In the past, executive teams have generally focused on planning and reviewing operations at a detailed level, whereas today corporate teams work towards an approach built around co creating and purpose.
Indeed, the best teams use their time to develop culture, strategy and talent, and appear to do four things consistently:

Trust and empower, share common goals, make decisions in service of the common good and foster a sense of belonging.

Companies whose leaders display these traits are up to six times more likely to generate more revenue and profit growth as well as total shareholder return, than their competitors.

Adapting to a rapidly changing pace of disruption, making challenging decisions which will have a huge impact for their teams, puts teamwork front and centre, and yet in times of crisis, belief in shared goals, the common good, and belonging will only become more important.

Share common goals

Senior management teams must take time to help maintain a shared sense of purpose and focus, despite the demands on their time.

The aim has to be a common set of goals that any subsequent decisions reinforce. Everyone moving forward together can, ultimately, be the difference between staying focused on what matters or veering off course.

Different ways of working should also be considered.

At WGP, getting our team together regularly, even if only for a few minutes, helps us focus on what matters; client feedback and insight, progress on key projects etc.

These meetings become more important as we begin to have to work from a variety of remote locations.

Foster a sense of belonging

Having to work from home means a lost connection with work colleagues, and that diminished sense of belonging can have a huge impact on productivity.

In the early stages of any crisis, teams want their leaders to be available at the very least.
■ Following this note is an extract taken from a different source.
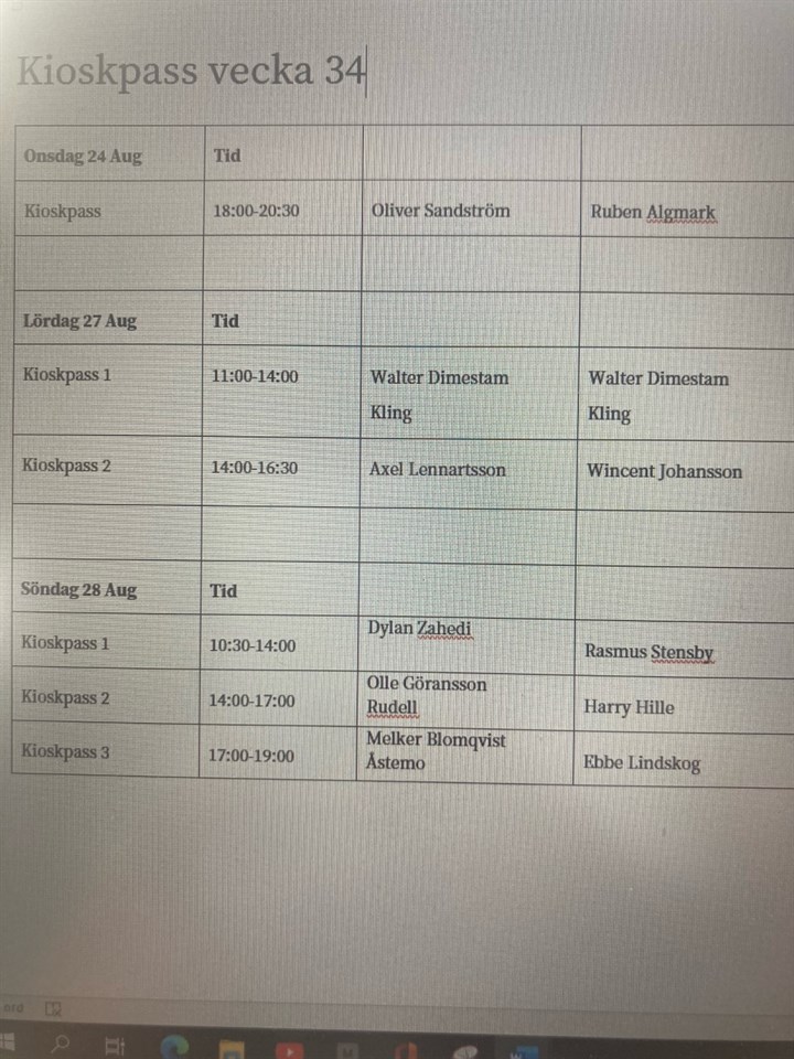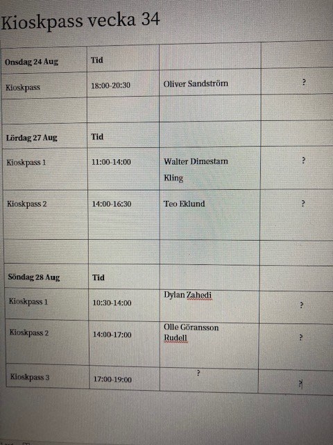 Hej! Vecka 34 är det dags för P-15 att bemanna kiosken på Claesborg igen. Vi bifogar ett schema här där de som inte stod i kiosken sist nu har fått ett pass. Kan man inte den tiden som är tilldelad så får man själv hitta en lösning på byte under samma vecka. Som ni ser är det några luckor som ännu inte är bemannade, skriv i kommentarerna om ni har möjlighet att boka upp er. Är inte alla pass fyllda senast 14/8 så behöver bemanning av dessa lottas. Önskar er en fortsatt härlig sommar. Mvh Sofia och Anna P-15 3 aug 2022 8kommentarer
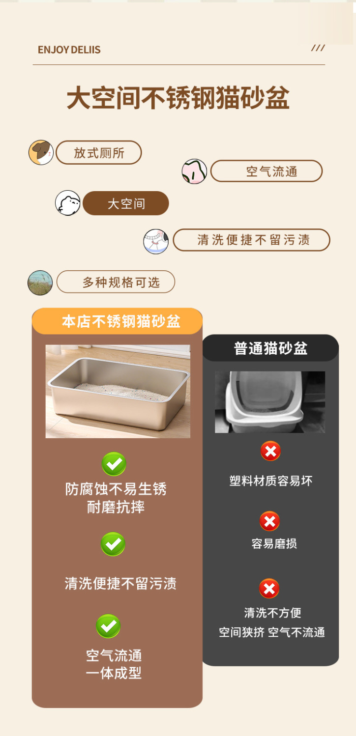 스테인레스 스틸 가정용 초대형 고양이 쓰레기 상자, 강화된 고양이 화장실, 물 튀김 방지, 청소가 쉬운 고양이 특수 제품스토어 가기

They should try to embody humanity and connection as much as possible, whilst also recognising they are stressed too.

Using video chats with staff each week is a great way to foster belonging, particularly if, after work matters are dealt with, bosses can spend a few minutes to find out how staff members are feeling and if there’s anything troubling them.

Just listening is a wonderful indicator of how empathetic leaders can be at a time when teams and staff need it, and that is rarely forgotten once the crisis is over.

At the present moment, Covid-19 is an unprecedented challenge for everyone. By cultivating that sense of belonging, leaders are helping to weather the current storm while setting their organisations up for continued success when this crisis passes.

Trust and empower

It’s not uncommon during the early phase of any crisis for companies to proactively start to centrally develop strategies to address it—in the case of Covid-19, it was for employees to work from home.

It’s worth noting that staff tend to thrive when given autonomy, and true autonomy signals that there is trust in a relationship.

Understanding that their teams have the capability to succeed and allowing them to do so, is vital during such challenging times.

Make decisions for the common good

Not losing sight of the bigger picture at a time when so many immediate decisions must be made is hugely important too.

What are we learning? What can be applied going forward? What are the few critical things that we can’t lose sight of? What’s the one-month, three-month and six-month trajectory of our results?

Decisions based on self interest and protecting budgets must be avoided.